**SUPPLIED RECORDS:**
□ □ □ □

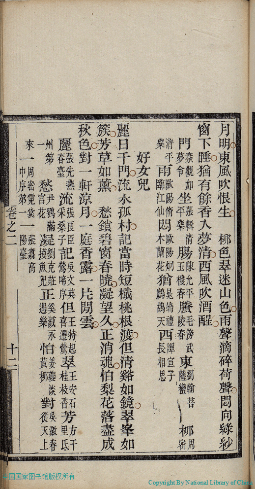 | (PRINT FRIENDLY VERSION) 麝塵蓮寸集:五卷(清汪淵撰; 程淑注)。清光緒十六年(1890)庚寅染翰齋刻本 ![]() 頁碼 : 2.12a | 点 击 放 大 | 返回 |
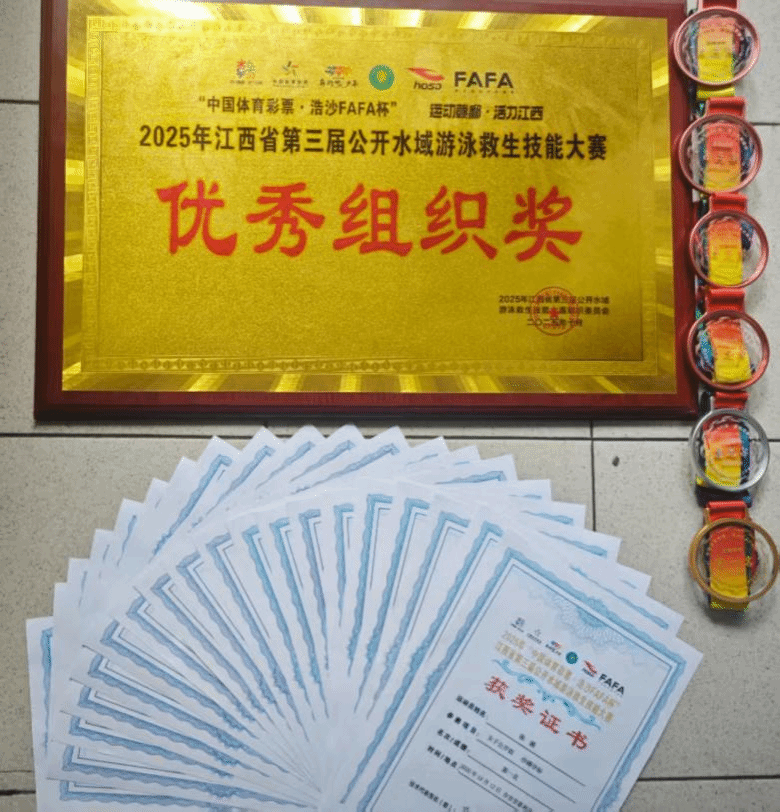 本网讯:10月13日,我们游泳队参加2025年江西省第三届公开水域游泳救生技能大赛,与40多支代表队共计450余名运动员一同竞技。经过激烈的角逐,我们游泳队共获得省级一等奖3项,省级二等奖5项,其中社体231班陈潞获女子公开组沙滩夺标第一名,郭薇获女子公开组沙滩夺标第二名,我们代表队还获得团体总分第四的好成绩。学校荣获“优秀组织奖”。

□ □ □ □

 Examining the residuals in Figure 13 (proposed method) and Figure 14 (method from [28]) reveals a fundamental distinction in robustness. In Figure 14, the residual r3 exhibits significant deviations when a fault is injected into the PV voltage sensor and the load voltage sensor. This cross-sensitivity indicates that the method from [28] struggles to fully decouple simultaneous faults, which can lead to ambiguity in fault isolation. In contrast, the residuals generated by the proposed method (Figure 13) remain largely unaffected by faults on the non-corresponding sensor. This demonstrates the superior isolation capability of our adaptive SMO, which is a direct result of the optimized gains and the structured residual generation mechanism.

□ □ □ □

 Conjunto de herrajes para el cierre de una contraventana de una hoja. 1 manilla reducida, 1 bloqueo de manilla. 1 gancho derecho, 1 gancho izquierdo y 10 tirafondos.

□ □ □ □

**WHAT YOU ARE ASKED TO DO:**
With pictures excluded, reproduce exactly the lines above from the one containing "击 放 大 | 返回 |" down to the one containing "本网讯:10月13日,我们游", those two included.

**THE ANSWER:**
 | (PRINT FRIENDLY VERSION) 麝塵蓮寸集:五卷(清汪淵撰; 程淑注)。清光緒十六年(1890)庚寅染翰齋刻本 ![]() 頁碼 : 2.12a | 点 击 放 大 | 返回 |
 本网讯:10月13日,我们游泳队参加2025年江西省第三届公开水域游泳救生技能大赛,与40多支代表队共计450余名运动员一同竞技。经过激烈的角逐,我们游泳队共获得省级一等奖3项,省级二等奖5项,其中社体231班陈潞获女子公开组沙滩夺标第一名,郭薇获女子公开组沙滩夺标第二名,我们代表队还获得团体总分第四的好成绩。学校荣获“优秀组织奖”。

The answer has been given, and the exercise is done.